AIM OF THE EXERCISE: Only the lines below from the one containing "招生|青岛中学2026年秋季学期1-10年级(国内、国际方向)有空余学位" through the last line should be set down, exactly as written and with no pictures.

[[ RECORDS PROVIDED, beginning ]]

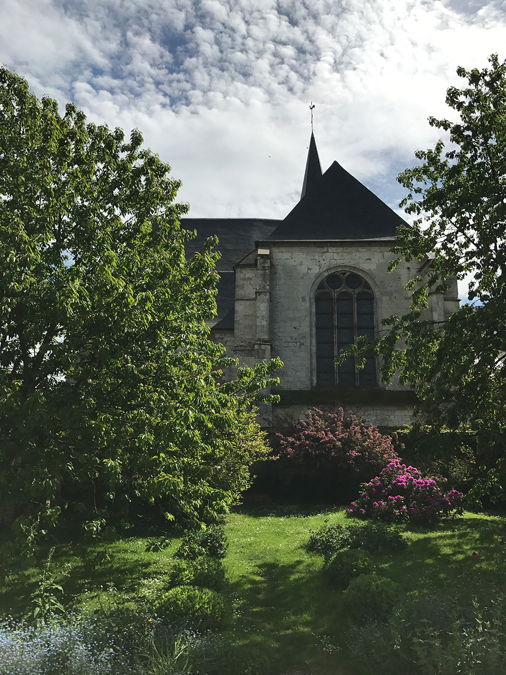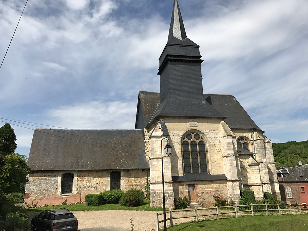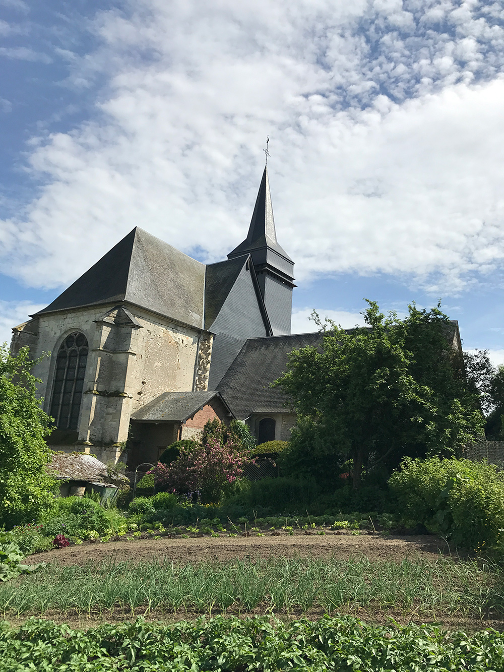 Edifiée à mi-versant sur une terrasse qui domine le village, l’église Saint-Pierre-et-Saint-Paul, placée sous le patronage des seigneurs de Mainneville dont le château s’élève non loin de là, remonte à la période romane. En forme de croix latine et d’une longueur de trente-huit mètres, elle présente une nef à vaisseau unique qui conserve des traces de baies de la construction d’origine. Un transept et un chœur à chevet à trois pans beaucoup plus élevés ont été reconstruits au XVIe siècle en pierre calcaire sur soubassements de grès avec des contreforts saillants. Un jambage intérieur de la grande fenêtre du croisillon nord conserve la date de 1559. Au nord du chœur, la chapelle seigneuriale rectangulaire est ornée à l’extérieur d’un bel appareil de briques disposées en arêtes de poisson, traversé d’un bandeau de pierre. Elle pourrait être antérieure à la reconstruction. Au sud, une sacristie carrée complète l’ensemble qui acquiert ainsi toute sa monumentalité, encore renforcée par le clocher massif à flèche octogonale en ardoise qui surmonte le bras du transept.
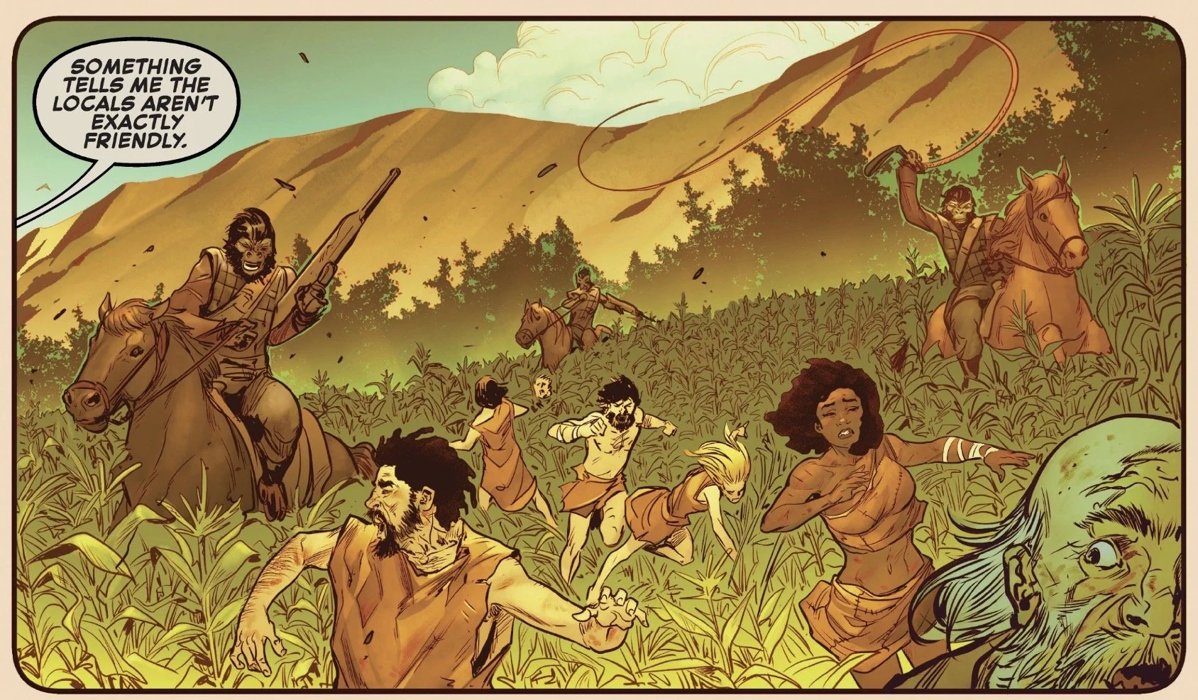 While it’s been a while since I’ve seen Planet of the Apes and the specific names don't all ring a bell, it doesn't hinder the story since they serve as the primary antagonists. Given the massive status quo shift they underwent at the end of the issue, I imagine they’ll become even more central to the plot moving forward.
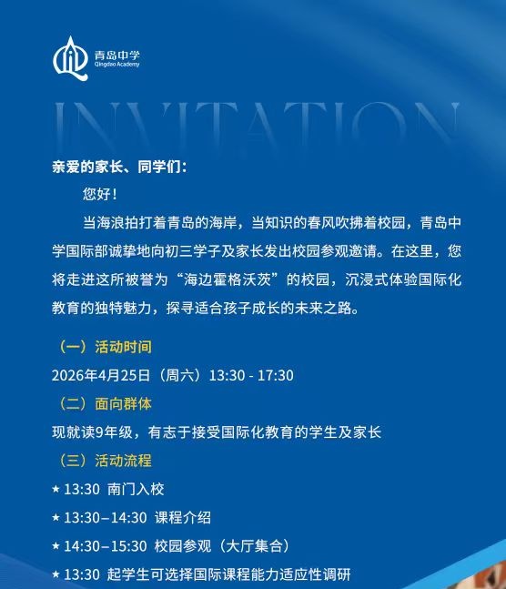 招生|青岛中学2026年秋季学期1-10年级(国内、国际方向)有空余学位
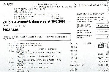 it says balance as at 30/6/01 $15,628.98 No unpresented cheques, no unpresented deposits. So the balance had to be precisely the same.
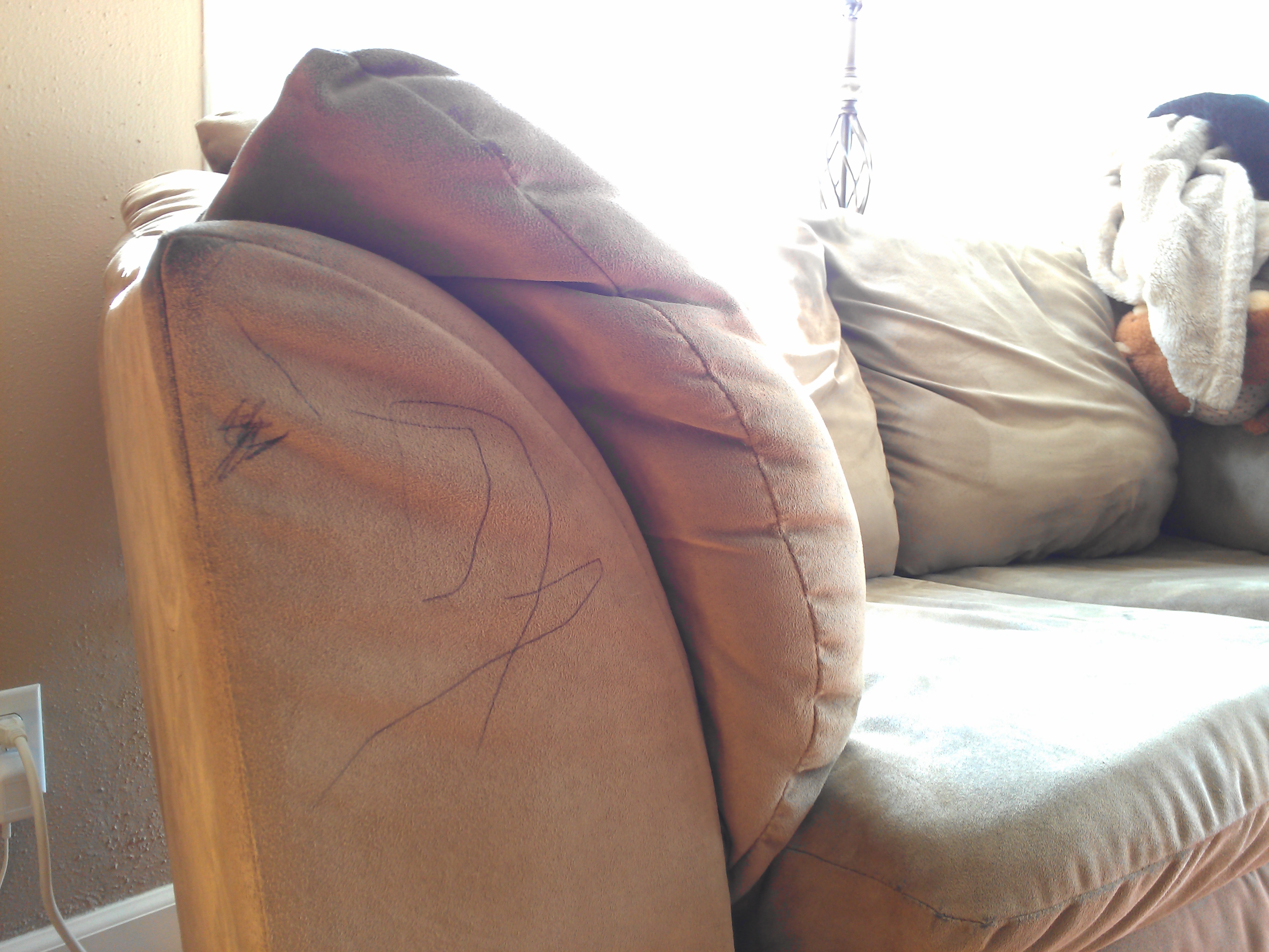 I turn around from changing Caleb’s diaper and see the scribbles and my daughter holding a pen with the “I know I did something wrong” look on her face. I also see the loveseat desecrated. Black scribbles are pronounced across the side corner of the loveseat and one of the cushions. Here’s what goes on in my heart, before I address my daughter: “Oh no! I have no idea how to get pen out of microfiber! Is it possible? Can I google it? I’m upset! I hate that the loveseat looks dirty & used now! I can’t fix it! We can’t afford to buy a new loveseat for years. I am going to have to stare at these ugly scribbles for years.”

[[ RECORDS PROVIDED, end ]]

EXPECTED OUTPUT:
 招生|青岛中学2026年秋季学期1-10年级(国内、国际方向)有空余学位
 it says balance as at 30/6/01 $15,628.98 No unpresented cheques, no unpresented deposits. So the balance had to be precisely the same.
 I turn around from changing Caleb’s diaper and see the scribbles and my daughter holding a pen with the “I know I did something wrong” look on her face. I also see the loveseat desecrated. Black scribbles are pronounced across the side corner of the loveseat and one of the cushions. Here’s what goes on in my heart, before I address my daughter: “Oh no! I have no idea how to get pen out of microfiber! Is it possible? Can I google it? I’m upset! I hate that the loveseat looks dirty & used now! I can’t fix it! We can’t afford to buy a new loveseat for years. I am going to have to stare at these ugly scribbles for years.”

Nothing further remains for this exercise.